*WHAT YOU HAVE TO DO*. Word for word, copy the entire listing below, but do not carry over any pictures.

*INFORMATION SUPPLIED*.
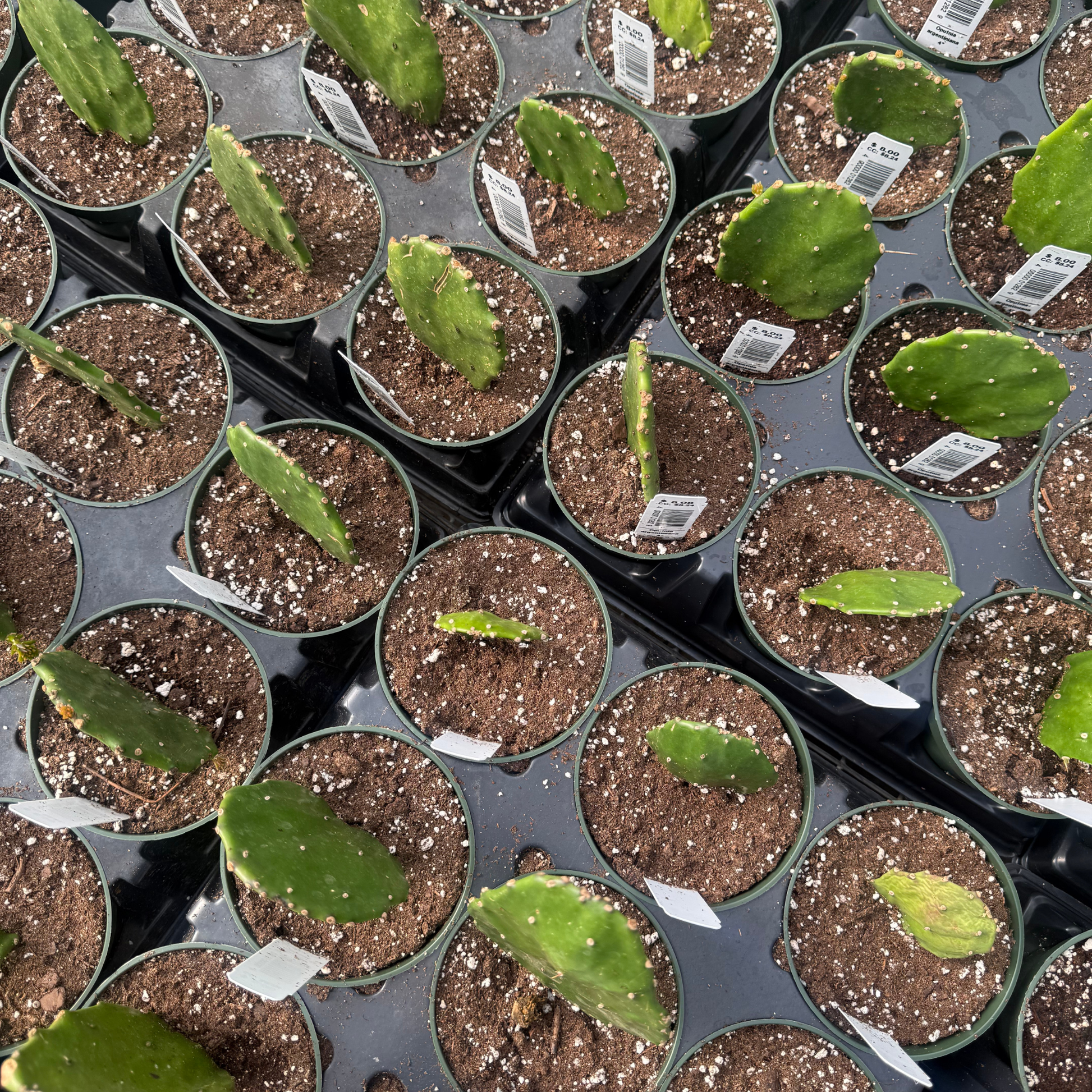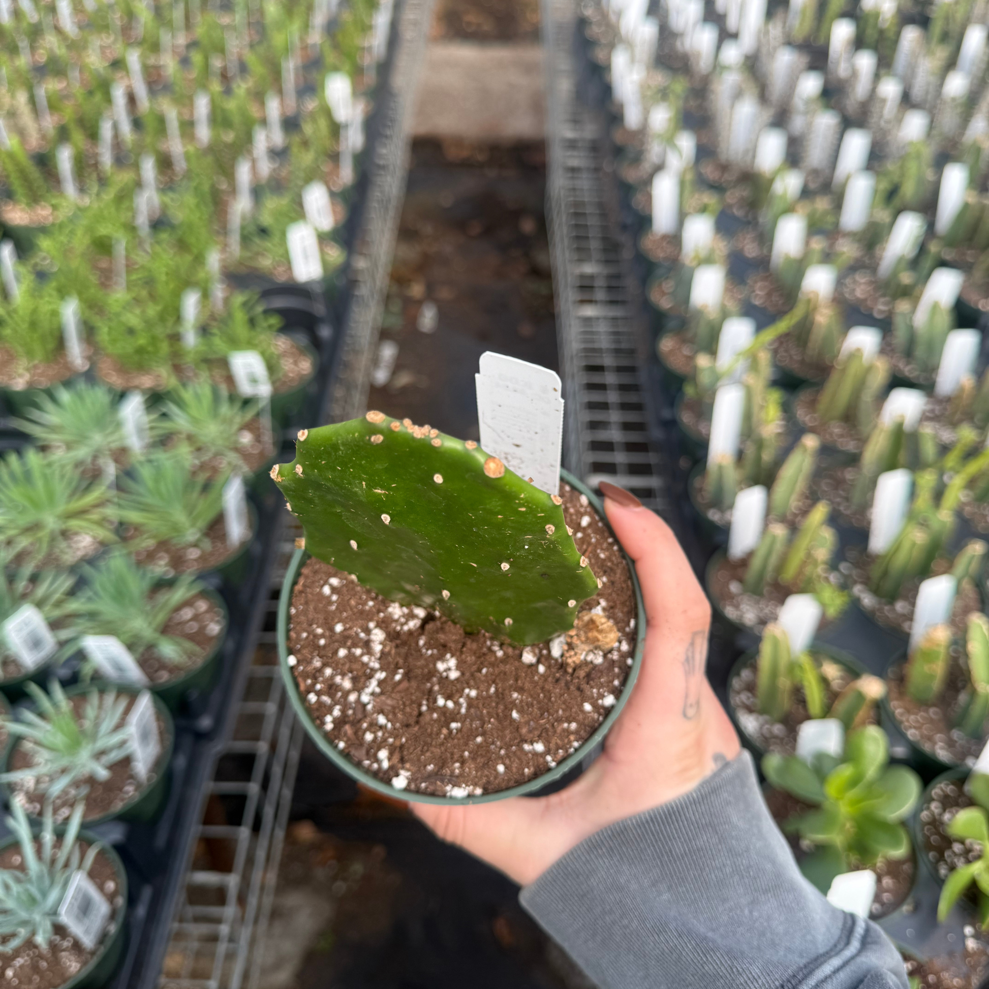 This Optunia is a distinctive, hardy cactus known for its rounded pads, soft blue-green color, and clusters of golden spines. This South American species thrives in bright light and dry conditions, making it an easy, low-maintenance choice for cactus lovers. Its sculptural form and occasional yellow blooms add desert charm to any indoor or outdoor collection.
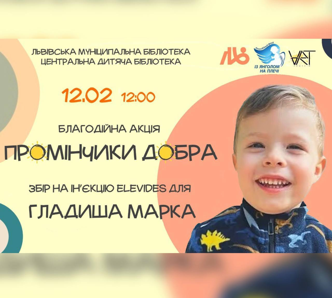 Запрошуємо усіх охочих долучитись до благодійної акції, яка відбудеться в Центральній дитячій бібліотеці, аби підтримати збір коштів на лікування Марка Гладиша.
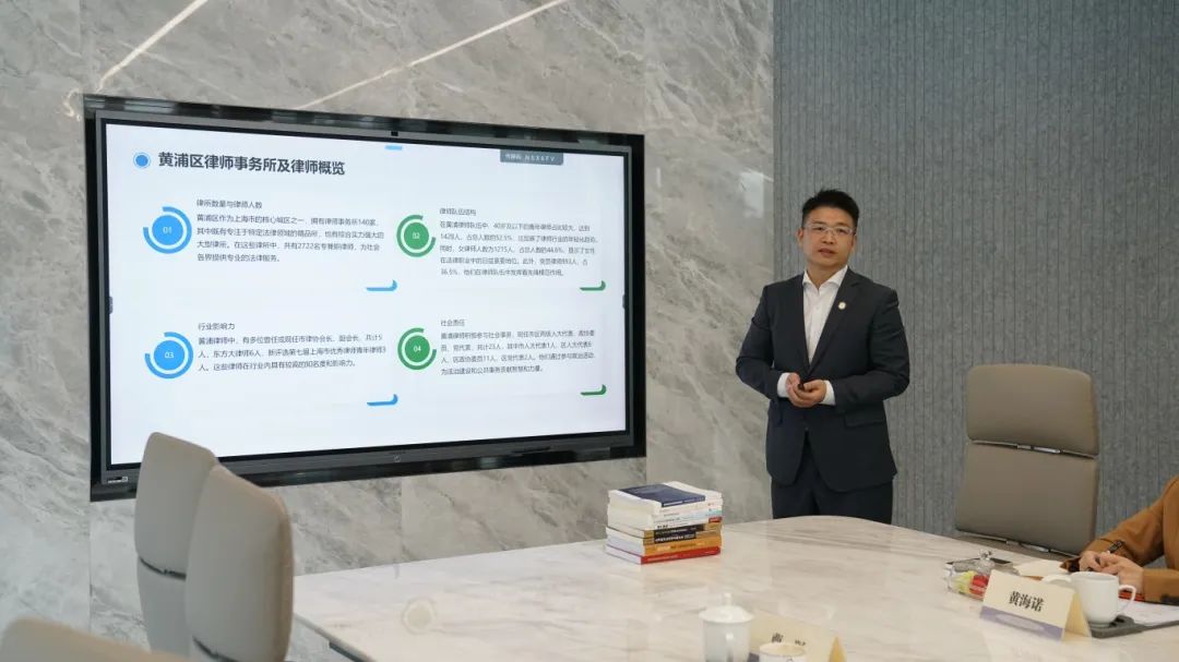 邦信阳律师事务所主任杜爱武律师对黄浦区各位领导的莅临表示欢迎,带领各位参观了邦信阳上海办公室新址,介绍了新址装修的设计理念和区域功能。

*RESPONSE TO THIS TASK*.
 This Optunia is a distinctive, hardy cactus known for its rounded pads, soft blue-green color, and clusters of golden spines. This South American species thrives in bright light and dry conditions, making it an easy, low-maintenance choice for cactus lovers. Its sculptural form and occasional yellow blooms add desert charm to any indoor or outdoor collection.
 Запрошуємо усіх охочих долучитись до благодійної акції, яка відбудеться в Центральній дитячій бібліотеці, аби підтримати збір коштів на лікування Марка Гладиша.
 邦信阳律师事务所主任杜爱武律师对黄浦区各位领导的莅临表示欢迎,带领各位参观了邦信阳上海办公室新址,介绍了新址装修的设计理念和区域功能。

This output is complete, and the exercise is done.